I tilt my head up and look at him, finding warm eyes watching me with patience and love. “Does any of that make sense?”

“It absolutely does, baby. And while I’m not thrilled with the roof thing, if that’s what you need, we’ll sit here all night. And you are you know, handling this very well. You’ve grown, changed in certain ways, and I couldn’t be more proud of you.”

“Thanks,” I mutter, too sad to acknowledge that I might feel a bit of pride myself. “We can go in.”

“You sure? I’m out here with ya now, take all the time you need. Henny, baby, look,” he says excitedly and points to the sky.

I stare in wonder at the serendipitous shooting star and briefly close my eyes to make my wish, then open them to watch it disappear, burn out, into the vast darkness.

“Yeah,” I say with a new found solace, “I’m ready. Let’s go in.”
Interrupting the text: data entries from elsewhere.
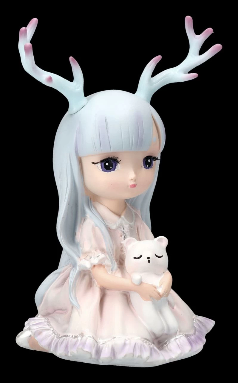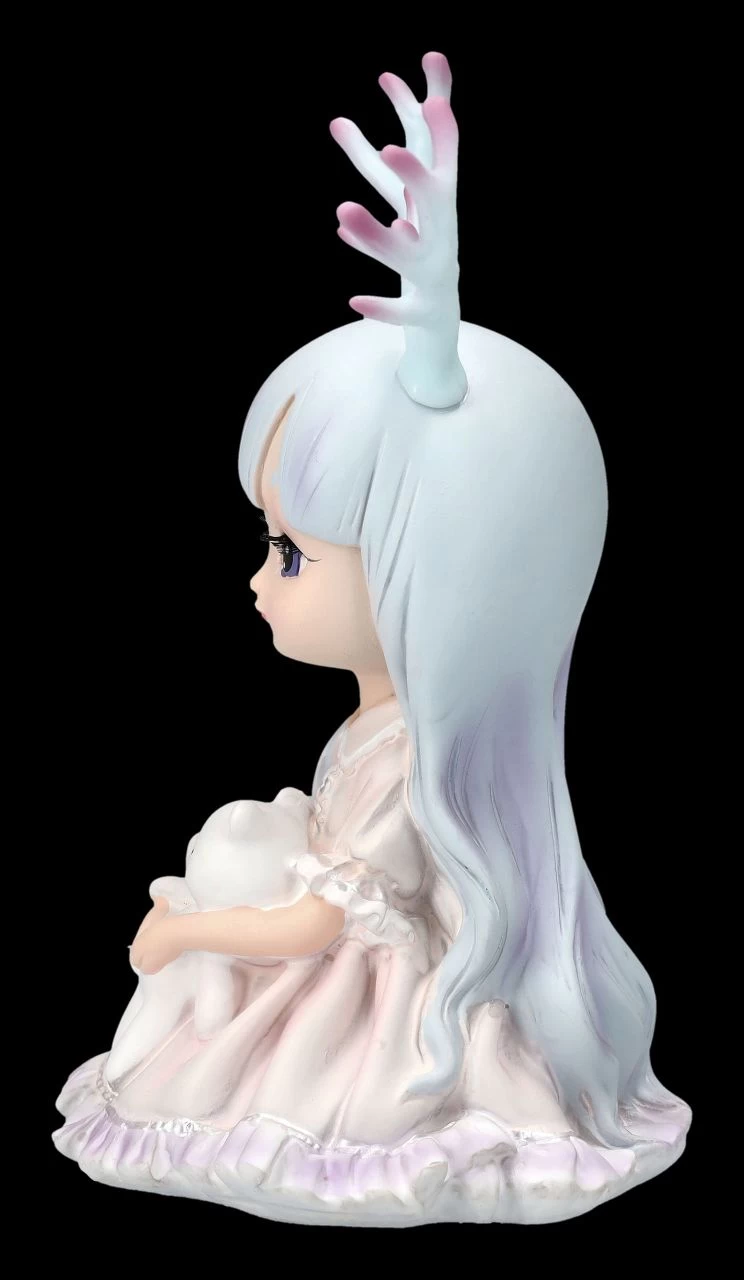 Wie man am Geweih erkennen kann, gehört die kleine Fee zu der Elfenschar, die sich um die neugeborenen Bambis kümmern soll. Aber da sie noch sehr jung ist, darf sie erst mal mit ihrem Kuscheltier üben. Die 13 cm hohe, 8 cm breite und 7,5 cm tiefe kleine Fee mit Geweih und Kuscheltier ist aus liebevoll handbemaltem Kunststein (Polyresin) gefertigt und ein wunderbares Geschenk für alle, die gerne von der Welt der Feen und Elfen träumen. Gemeinsam mit ihren Freundinnen aus unserem Shop ist die kleine Fee in ihrem rosa Kleidchen auch eine niedliche Deko für jeden Geburtstagstisch.
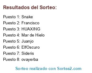 Lista de participantes: Snake, ovayerba, ElfOscuro, Mar de Hielo, Sideris, Francisco, HUAXING, Juanjo.
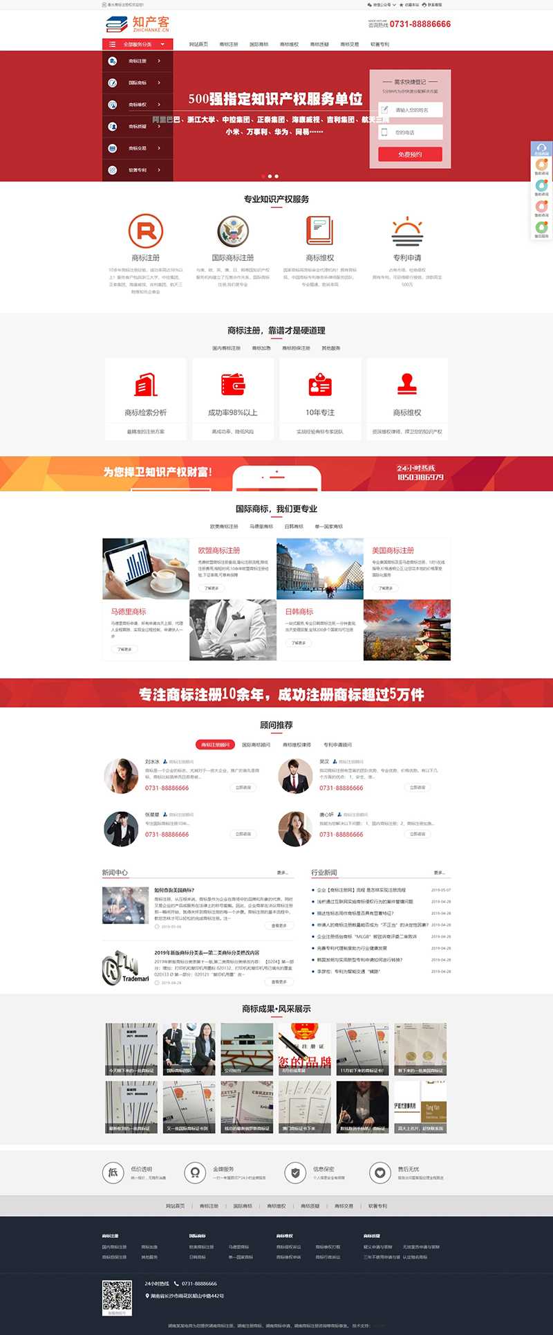 PbootCMS红色知识产权商标专利服务网站模板整站源码,本模板只有PC端模板,适合知识产权、商标专利类等企业使用,后台栏目字段有进行修改,建议使用整站源码。

He stands first and gives me his hand, cautiously moving me to walk in front of him, his hands finding a sure grip on my hips. “I’m not sure if I put this on the list and you just forgot,” his voice has a teasing lilt, “or if I was the one who forgot. But just to be sure, let me say, you need to ask me to join you before you traipse out here in the future. Serious, baby, put it on the list.”

“Won’t matter.” I climb back through the window then step out of the way for him to do the same. “Not gonna be living here much longer and I have no immediate plans to camp out on the roof that will belong to the Kings. Might be rude. And a little creepy.”